Browser monitoring's PageViewTiming event sends each data point as a separate event as soon as it is available. Because we do not restrict the timing, you can receive first paint or first interaction data regardless of when it fires. This document describes why and how to use PageViewTiming and its attributes to query data about your site, component loading, and user performance metrics, both from visual and responsiveness standpoints.

Why use PageViewTiming?

If your application uses asynchronous or dynamic pages, you may need additional details about site or component loading. But pages can load content in many different ways, and users control when they interact with that content. This is why some user-centric performance metrics happen outside the standard window onload (page load time) in the browser agent.

For example, users may become impatient and begin clicking as soon as content is on the webpage. Or, they may wait to use the page until long after content is loaded.

The PageViewTiming event provides a more real-time delivery mechanism that does not have a dependency on any other event. The additional metrics can help you understand how users experience your site, both from visual and responsiveness standpoints.

Support for Google's Core Web Vitals

As of agent version 1177 for browser monitoring, we have full support for Google's Core Web Vitals for 2020. The metrics that make up Core Web Vitals will evolve over time. The current set for 2020 focuses on three aspects of the user experience: loading, interactivity, and visual stability. This includes the following metrics and their respective thresholds:

A diagram showing the three components of the Core Web Vitals metrics.

Core Web Vitals metrics include loading, interactivity, and visual stability.

  • Largest Contentful Paint (LCP): measures loading performance. To provide a good user experience, LCP should occur within 2.5 seconds of when the page first starts loading.
  • First Input Delay (FID): measures interactivity. To provide a good user experience, pages should have a FID of less than 100 milliseconds.
  • Cumulative Layout Shift (CLS): measures visual stability. To provide a good user experience, pages should maintain a CLS of less than 0.1.

For each of these metrics, to ensure you're hitting the recommended target for most of your users, a good threshold to measure is the 75th percentile of page loads, segmented across mobile and desktop devices.

To learn more, watch our Nerd Days talk on perceived performance.

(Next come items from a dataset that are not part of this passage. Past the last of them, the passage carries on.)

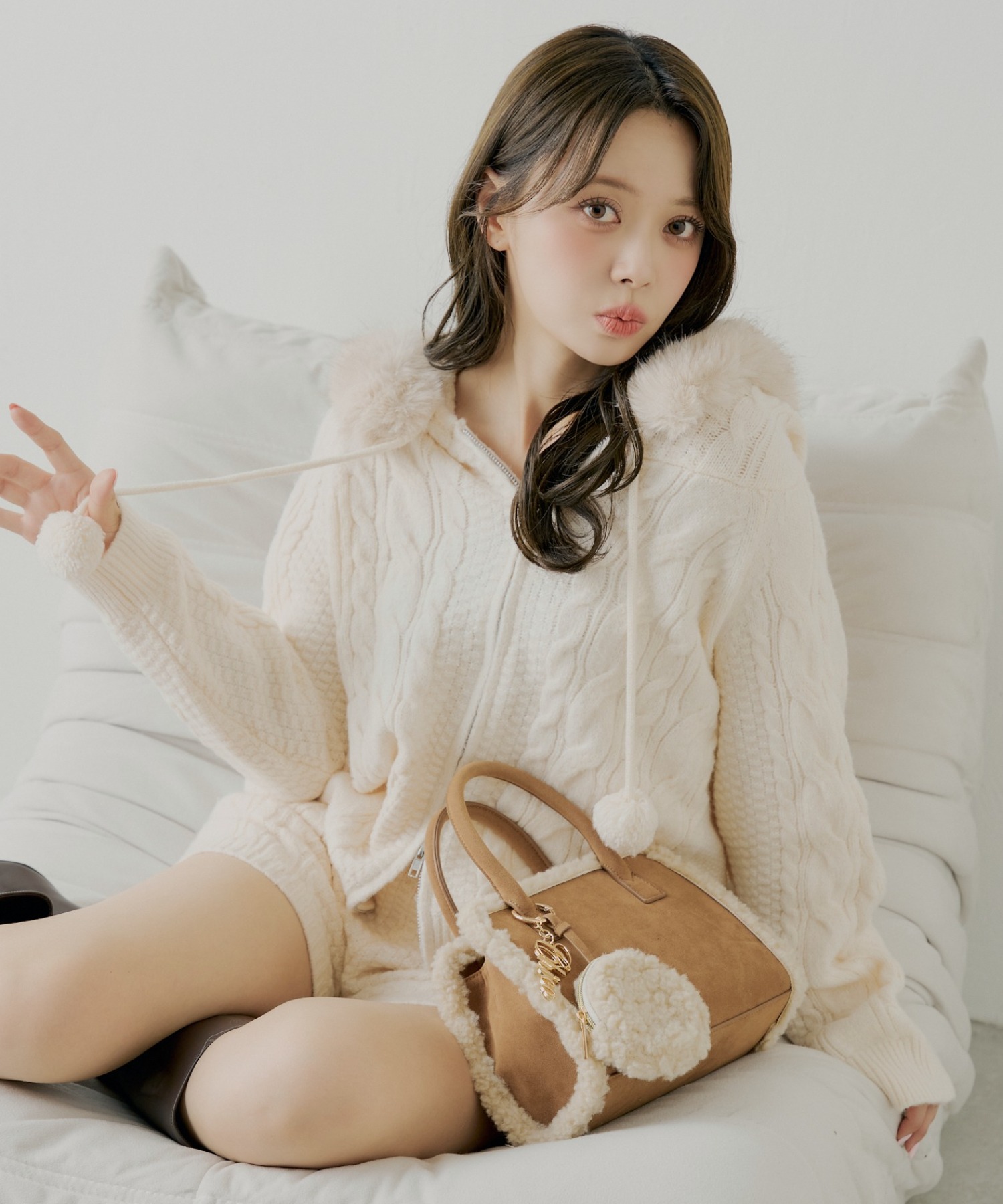 - フードケーブルミニニットワンピース -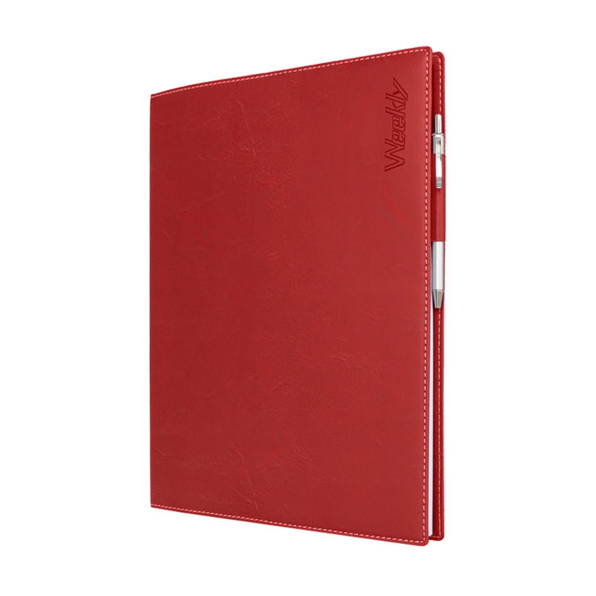 La copertina in similpelle rossa conferisce all'Agenda Intempo un aspetto elegante e professionale. Il materiale sintetico di alta qualità imita la texture della pelle, offrendo una sensazione di lusso e resistenza al tatto. Le cuciture bianche a contrasto esaltano il design, aggiungendo un tocco di classe. Questa agenda professionale non è solo uno strumento di pianificazione, ma anche un accessorio di stile che riflette la tua personalità e il tuo gusto.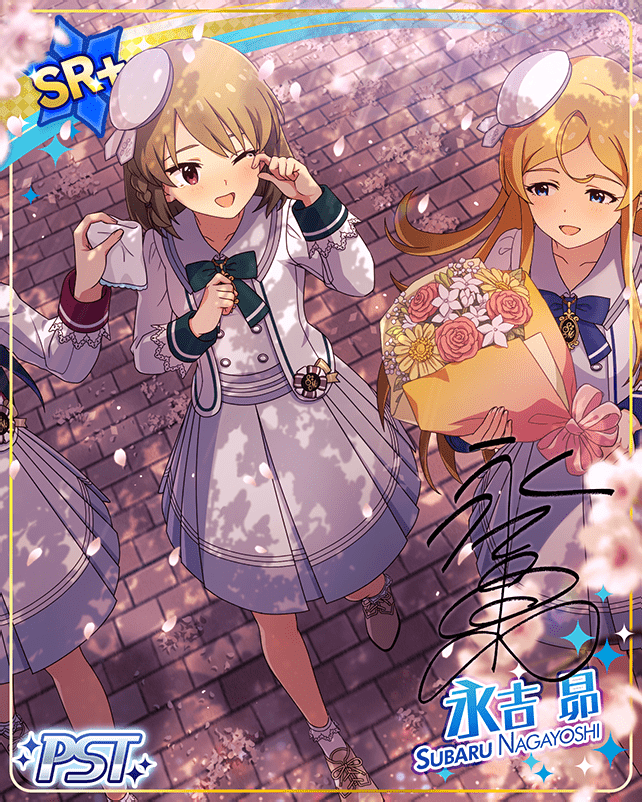 永吉 昴 #1 #2 #3 #4 #5 #6 #7 #8 #9 #10 #11 #12 #13 #14 #15 #16 #17 #1 #2 #3 #4 #5 #6 #7 #8 SRサイン SSRサイン ネーム なまえながよし すばる タイプFAIRY 身長154cm 体重41kg 血液型B型 年齢15歳 誕生日9月20日(乙女座) 利き手左利き スリーサイズ79 / 59 / 78 出身地東京都 趣味野球 特技変化球 好きなものアイドル CV斉藤佑圭 所属765プロダクション オフショット 4コマ 劇場ホワイトボード ログインボーナス落書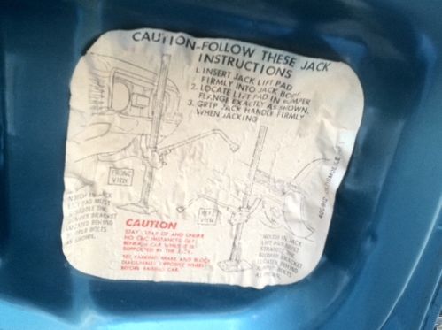 Trunk: Trunk compartment restored with original spare tire. I did put cover on it which technically should not be there due to Super Stock wheels. Floor mat is new and jack is complete and original. I did not choose to paint inside of deck lid because of original stickers were still in place and wanted that demonstrated.

Detailed visual, interactivity, and responsiveness metrics

The BrowserInteraction and PageView events end their reporting when they receive the page window load (or window load and AJAX) timing. However, paint and interactivity metrics can happen at any time. PageViewTiming delivers these metrics as a separate event to:

  • Account for the variability in this timing.
  • Avoid setting an arbitrary timeout.
  • Prevent holding BrowserInteraction and PageView events indefinitely.

Additional data

Comments

firstPaint and firstContentfulPaint

The firstPaint and firstContentfulPaint attributes already are available with BrowserInteraction and PageView events. However, they are not always reliably captured before the window onload event fires.

Using PageViewTiming gives you a way to capture these metrics even if they happen after the original page load time. This gives you a better understanding of the correlation between responsiveness of that load event and the visual rendering of your content.

largestContentfulPaint

The largestContentfulPaint,metric is available with agent version 1163 or higher. It reports the render time of the largest content element visible in the viewport.

Google's research found that looking at when the largest element was rendered was a more accurate way to measure when the main content of a page is loaded and useful. For more information about this metric, including limitations and considerations, see the w3c draft.

We also report the cumulative layout shift (CLS) score attribute with LCP. This attribute is reported as cumulativeLayoutShift.

Largest Contentful Paint is one of three metrics identified by Google as the Core Web Vitals. LCP values up to 2.5 secs are considered "Good," between 2.5-4.0 secs are considered "Needs Improvement," and above 4.0 secs are considered "Poor."

firstInteraction and firstInputDelay

With the addition of firstInteraction and firstInputDelay, you can quickly determine the ways that your users are interacting with that visual content. These metrics tell you not only when they interacted, but what type of interaction (mousedown, pointerdown, etc.) and how long it took for them to receive a response from your site.

The firstInputDelay metric lies in the middle of FirstContentfulPaint and Time to Interactive (TTI) metrics. It measures the time between when a first input can be made and when the browser's main thread is able to respond to any interactions.

We also report the cumulative layout shift (CLS) score attribute at the moment of the user's first interaction. This attribute is reported as cumulativeLayoutShift.

First Input Delay is one of three metrics identified by Google as the Core Web Vitals. FID values up to 100 ms are considered "Good," between 100-300 ms are considered "Needs Improvement," and above 300 ms are considered "Poor."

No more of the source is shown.